Bapak, Waktu Diam-Diam Mengambilmu Pelan-Pelan


Tulisan ini kutulis sebagai pengingat bahwa cinta seorang bapak sering hadir dalam diam, dan waktu mencurinya perlahan. Semoga kita sempat memeluk, sebelum segalanya tinggal kenangan yang tak bisa dijawab.

Aku tak tahu kapan tepatnya waktu mulai mencuri bapak dariku. Bukan seperti kematian yang datang tegas dan tiba-tiba, tapi perlahan, diam-diam, nyaris tak terasa. Seperti tetes air yang lama-lama melubangi batu.

Dulu, bapak adalah sosok paling kuat dalam hidupku. Langkahnya pasti, suaranya berat dan jarang terdengar. Ia tak pandai berkata “sayang”, tapi tiap pagi ia bangun lebih dulu, memastikan rumah tak kekurangan apa pun. Ia tahu kapan harus mengganti atap sebelum bocor, kapan anaknya butuh sepatu baru, kapan istrinya hanya butuh didengarkan.
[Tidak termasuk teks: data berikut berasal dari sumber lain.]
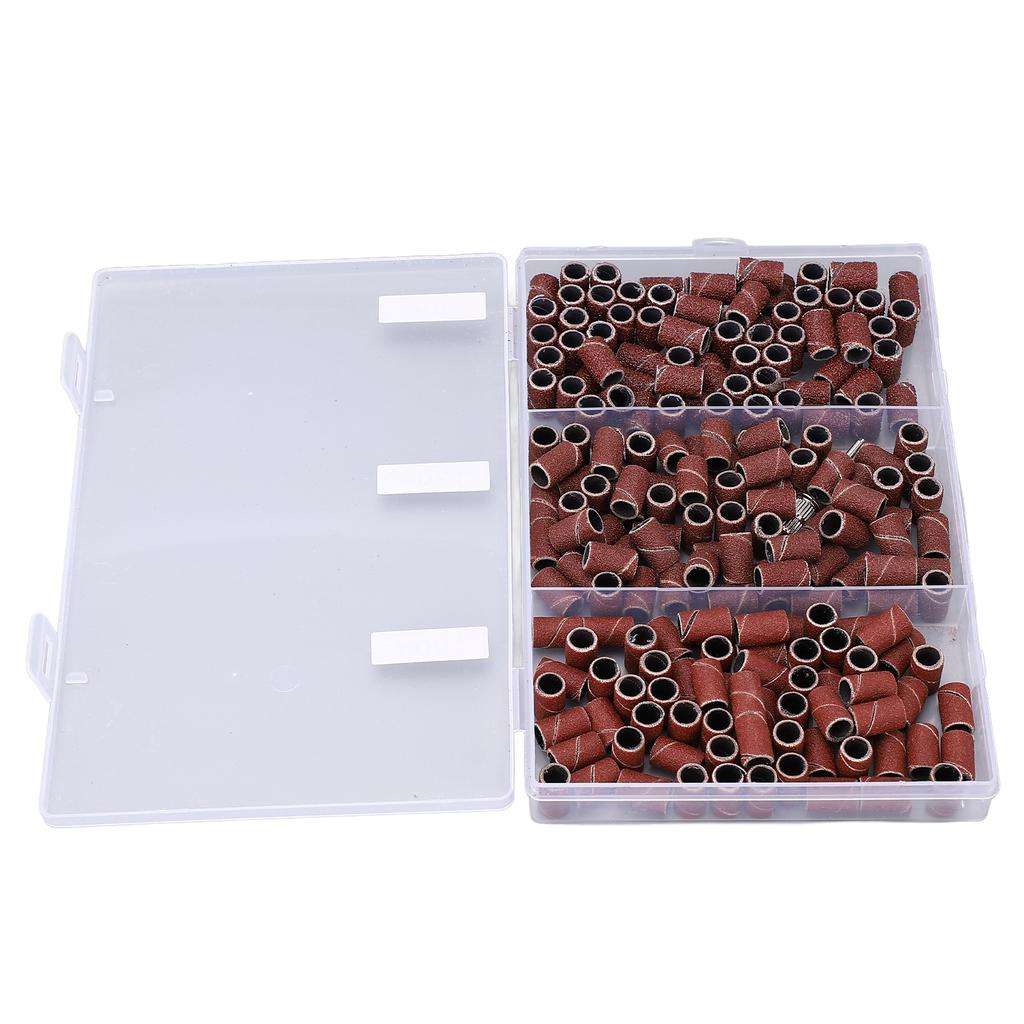 210pcs Sanding Bands for Nail Drill Coarse Fine Pedicures Manicure Sanding Bands with Mandrel 80 120 180 Grit Brown
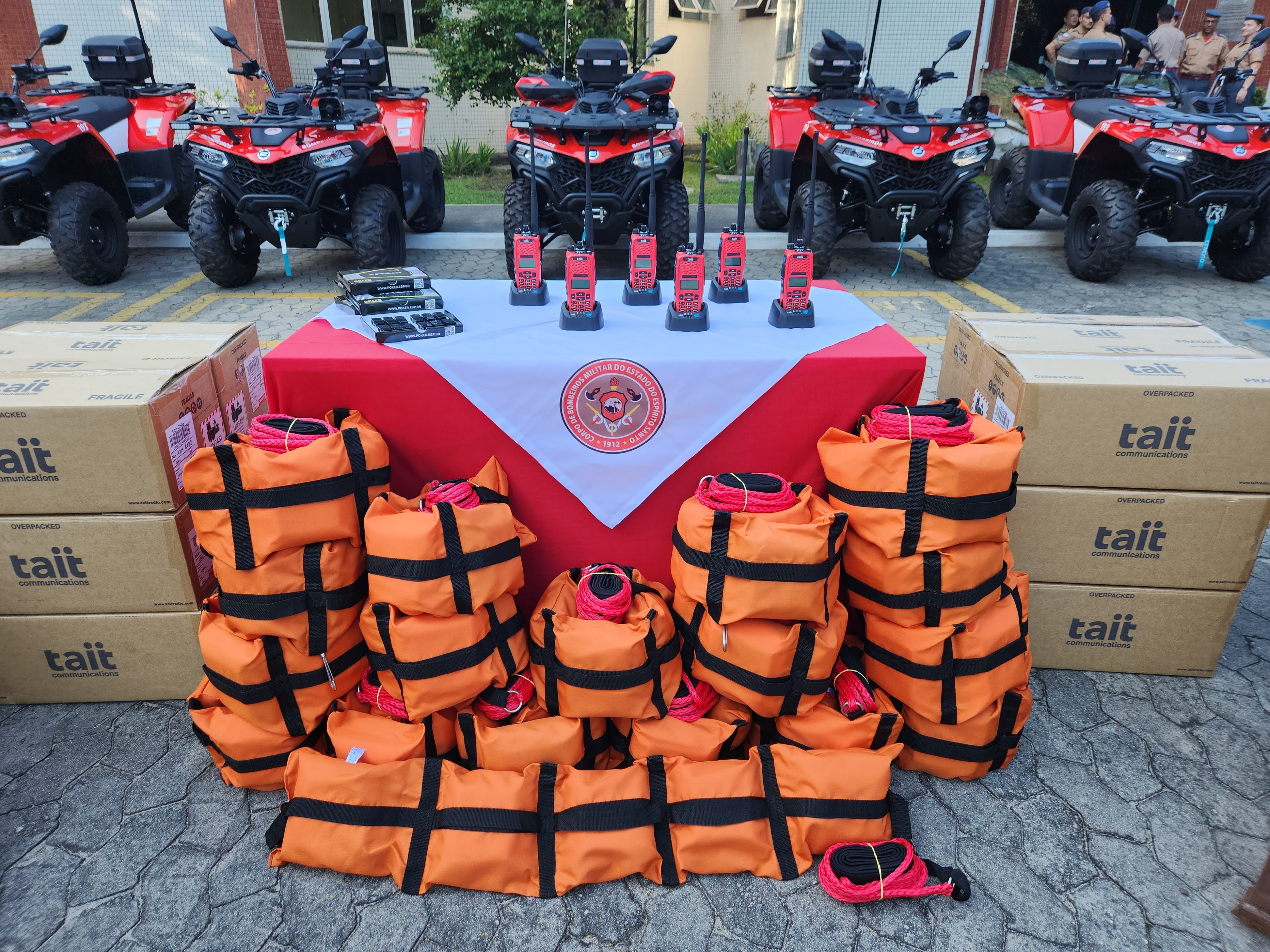Foram entregues sete quadriciclos, duas motos aquáticas, reboques para os dois tipos de veículos, 848 apitos, 178 radiocomunicadores e 662 flutuadores. Os equipamentos vão contribuir para a capacidade de resposta dos militares em ocorrências nas praias capixabas e serão usados nos municípios de Conceição da Barra, São Mateus, Aracruz, Fundão, Serra, Vitória, Vila Velha, Guarapari, Anchieta, Piúma, Itapemirim, Marataízes e Presidente Kennedy.
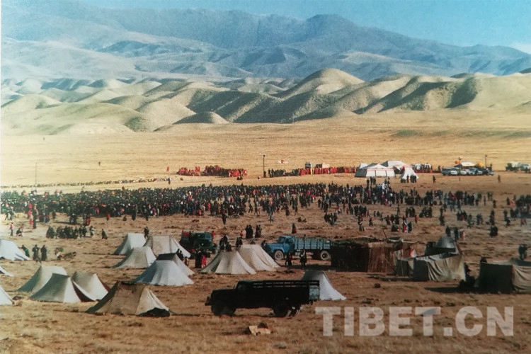 圖為渴盼得到十世班禪大師摩頂?shù)娜罕姳燃缃吁?,匯聚草場(chǎng),恭候那一幸福的時(shí)刻。
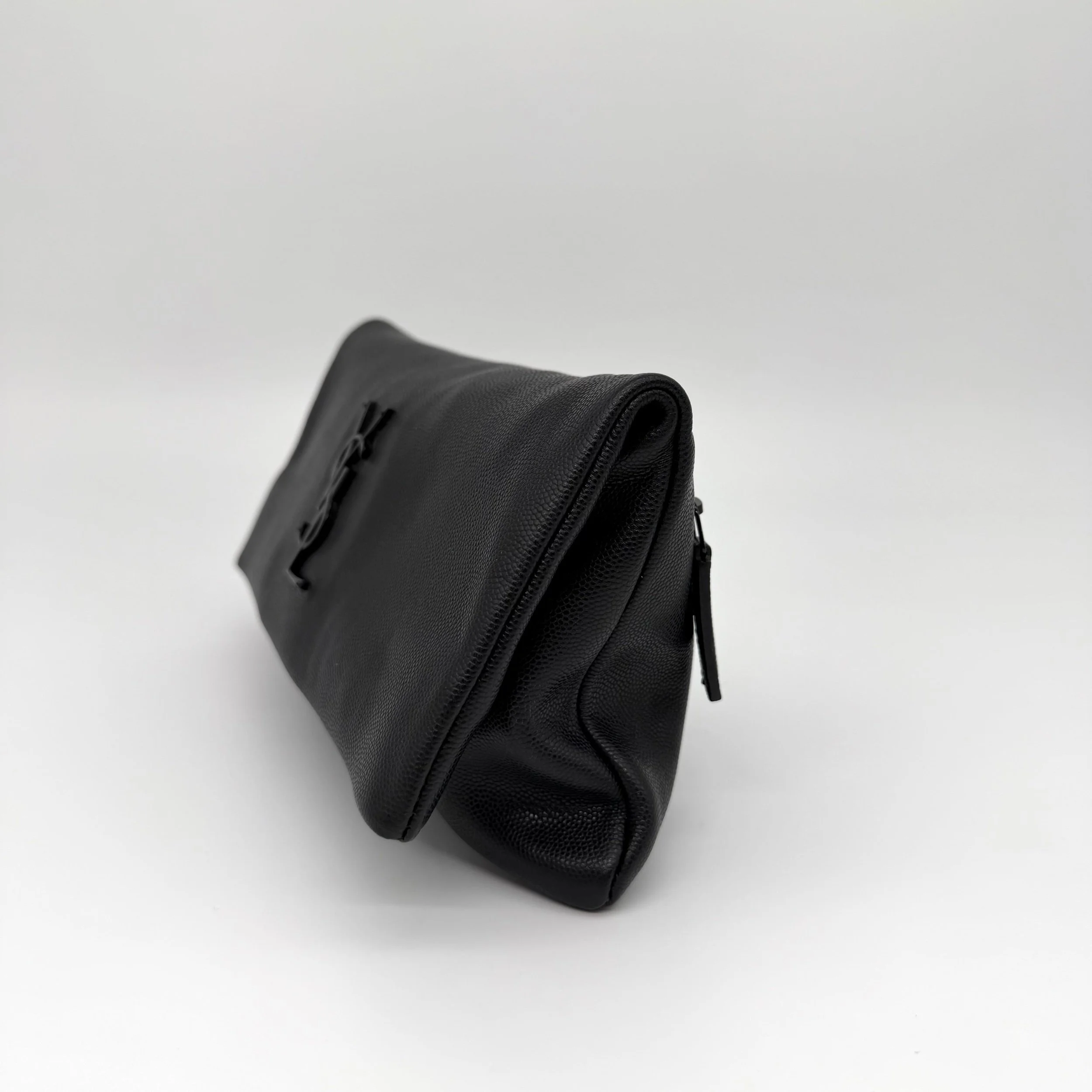 Saint Laurent YSL West Hollywood Monogram Fold Over Clutch Pouch Bag Black
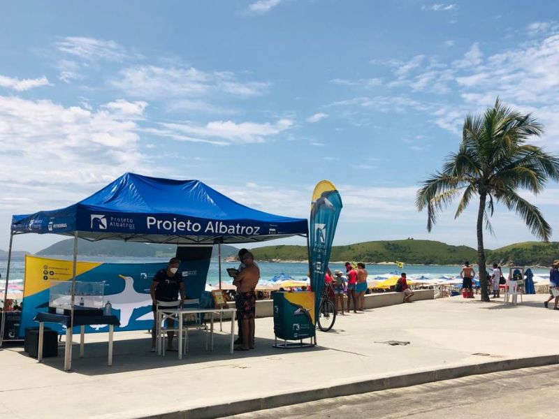 Em Cabo Frio (RJ), quiosque e tenda levam informações sobre albatrozes e petréis durante o Verão
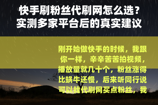 刚开始做快手的时候,我跟你一样,辛辛苦苦拍视频,播放量就几十个,粉丝涨得比蜗牛还慢,后来听同行说可以找代刷网买点粉丝,我就试了几家,踩过坑也捡到过宝,今天把这几个月用下来的真实感受写出来,给想走点“捷径”的朋友一个参考。
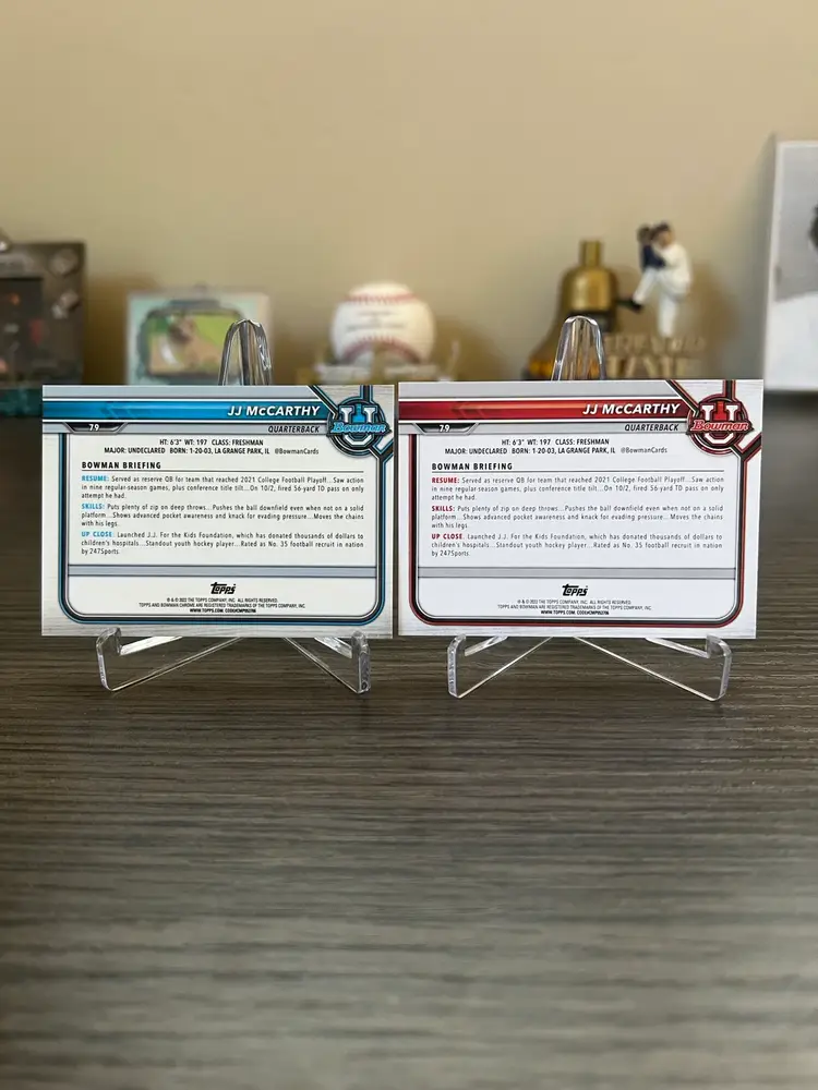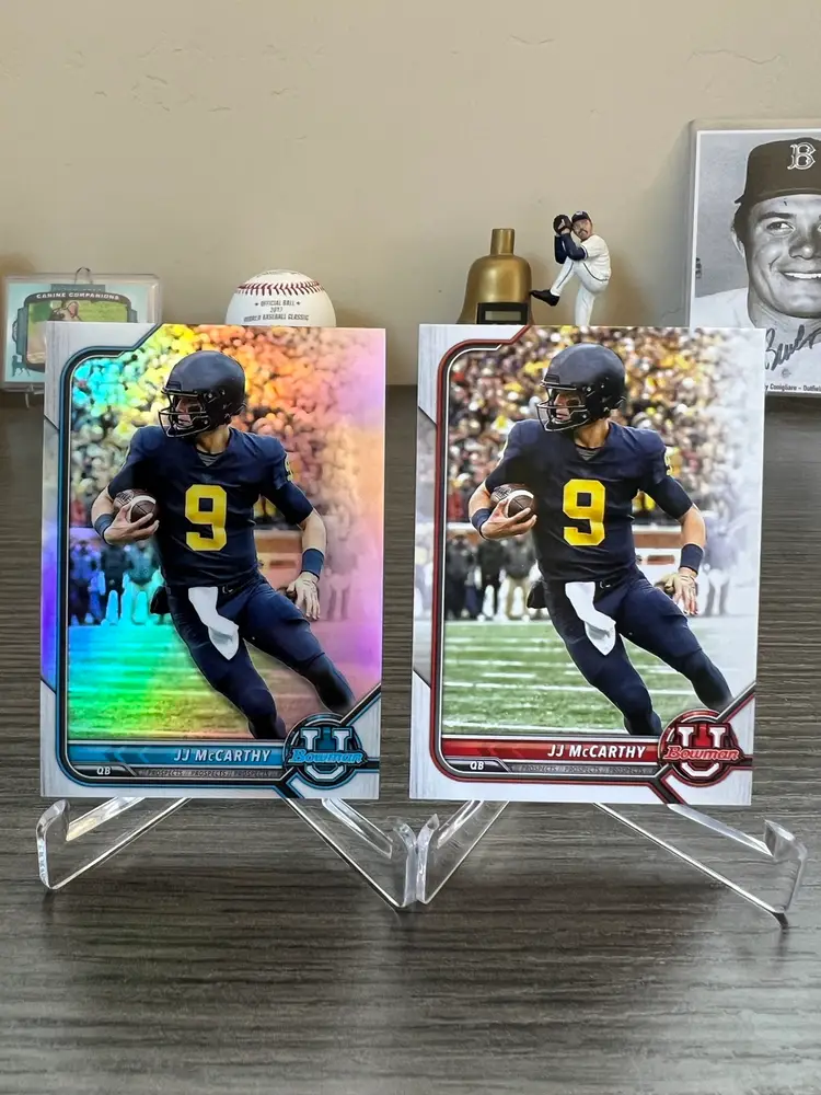 2022-22 Bowman University JJ McCarthy Pre-Rookie 2 Card Lot (Base Paper & Chrome Refractor) Card No. 79 Minnesota Vikings Michigan Wolverines
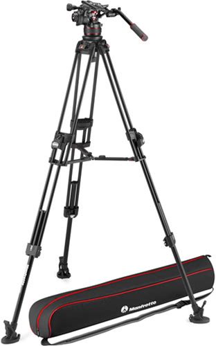 Manfrotto 612 Nitrotech Fluid Video Head And Aluminum Twin Leg Tripod With Middle Spreader
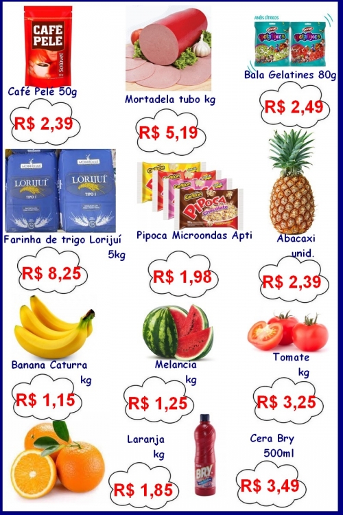 Super Econômico, Rua XV de Novembro, telefone (55) 3524-1638.
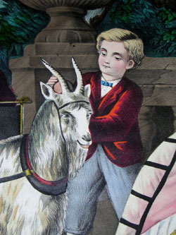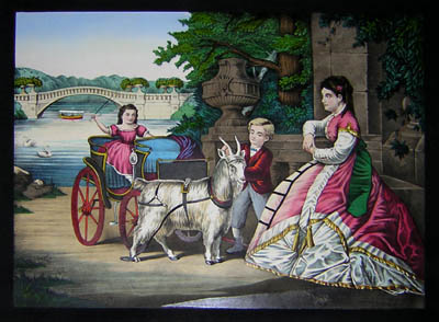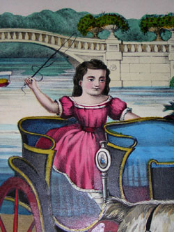 Two children prepare for a ride in a goat-drawn carriage in Central Park, under the supervision of their elegantly dressed mother, who is seated on a brown stone bench. The boy arranges the goat’s harness while the little girl waits in the carriage. Beyond them is the stone bridge over the lake. Vivid shades of red, blue, green and gold are set against the browns of the path and background. This print of Central Park in the summer has characteristic Schile subject matter and black margins. He also did a print of Central Park in the winter showing skaters on a pond and a horse-drawn sled.
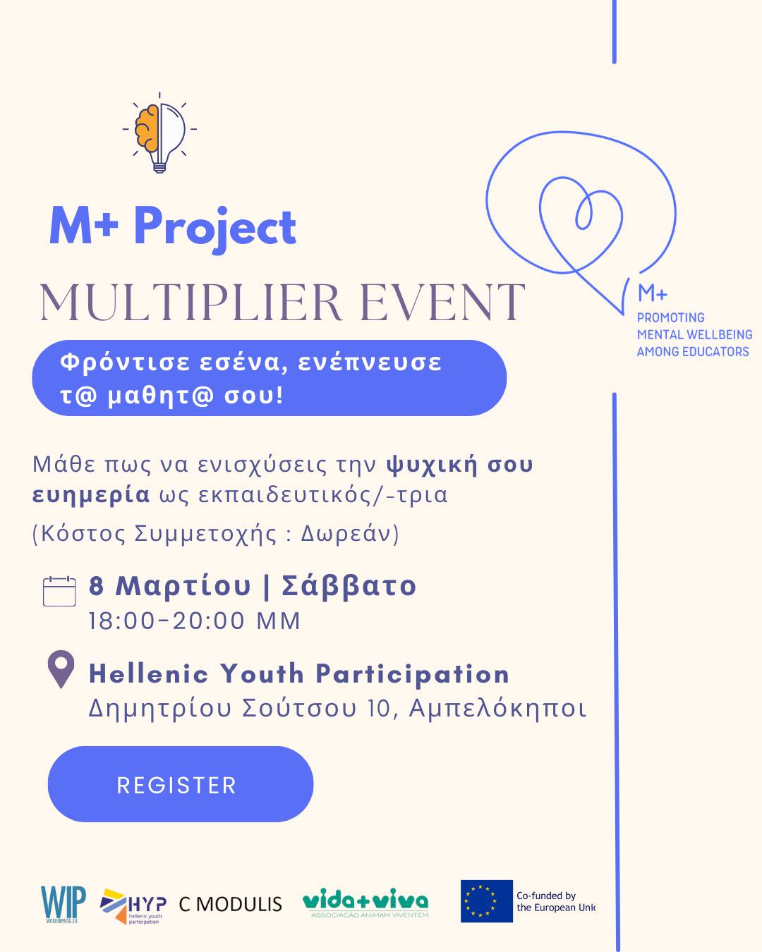 Το Μ+ Project χρηματοδοτείται από την Ευρωπαϊκή Ένωση και συνεχίζει να στηρίζει δράσεις που προάγουν την ψυχική ευημερία και την επαγγελματική ανάπτυξη στον εκπαιδευτικό χώρο.
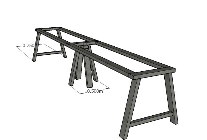 Tres  costados, dos externos uno central  con doble viga de amarre, con ajuste por medio de tuerca tornillo – Niveladores de altura.
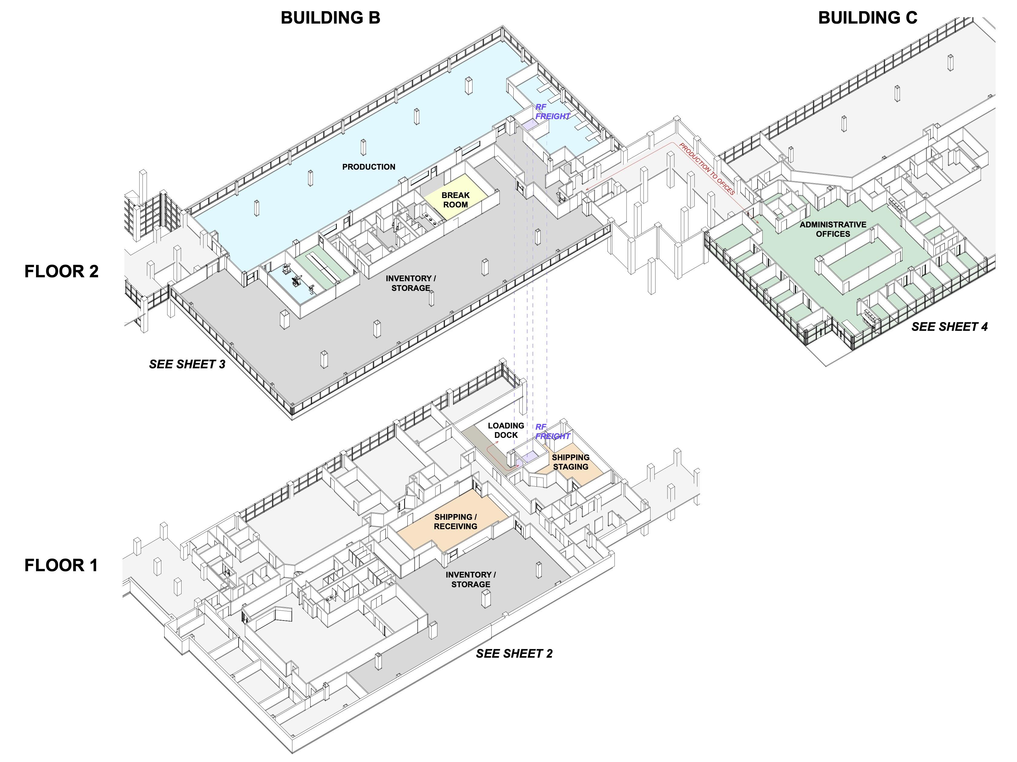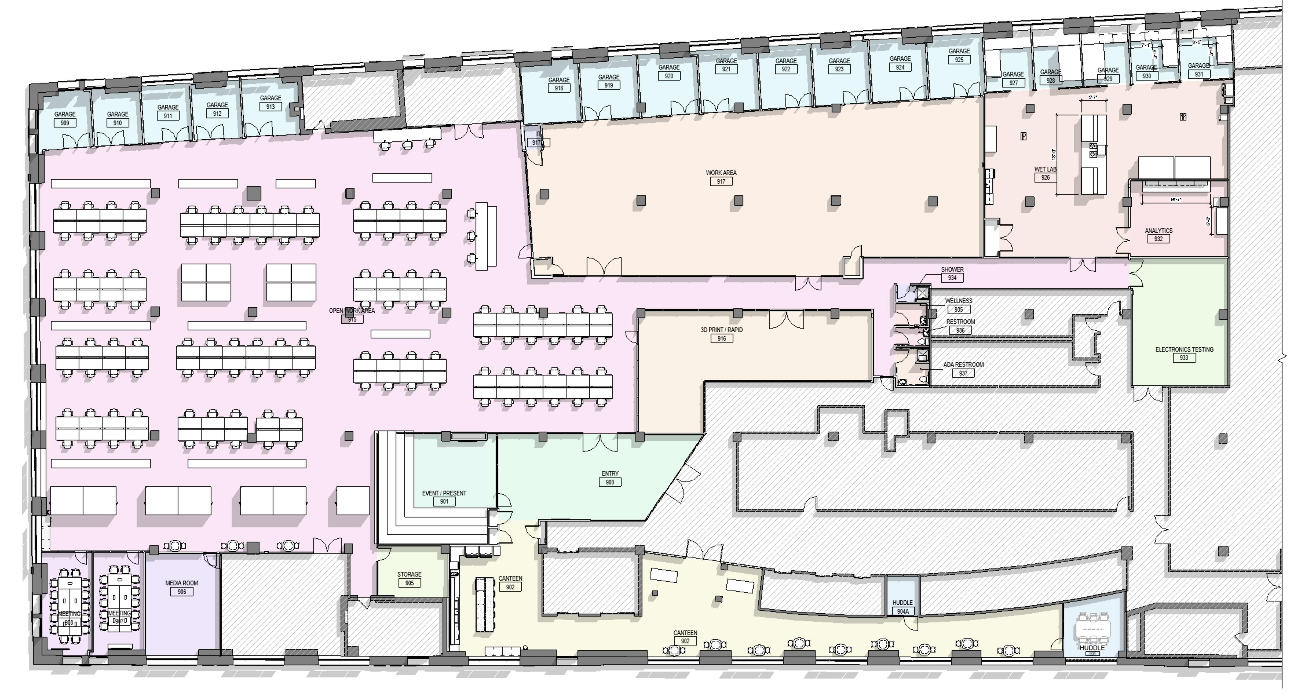 Complex programs fit into commercial office buildings include academic, industrial, manufacturing, and medical office uses. In some cases, these uses have been fit into existing buildings alongside other existing office functions, requiring careful consideration of the impacts of new operations on existing users.

Semuanya ia lakukan tanpa banyak bicara.

Namun kini pundaknya mulai merosot. Langkahnya lambat. Tatapannya kadang kosong, seolah lupa sedang berada di mana. Ia masih bapakku, tapi ada yang perlahan memudar daya ingat, kekuatan, kejernihan. Seperti karang yang terus digerus ombak.

Dulu aku sering salah paham. Kukira ia keras dan dingin. Tapi sekarang aku sadar, ia mencintai dengan cara yang sederhana: lewat perbuatan, bukan ucapan. Dan justru kini, saat tubuhnya melemah dan ingatannya mulai kabur, aku merasa lebih dekat dengannya.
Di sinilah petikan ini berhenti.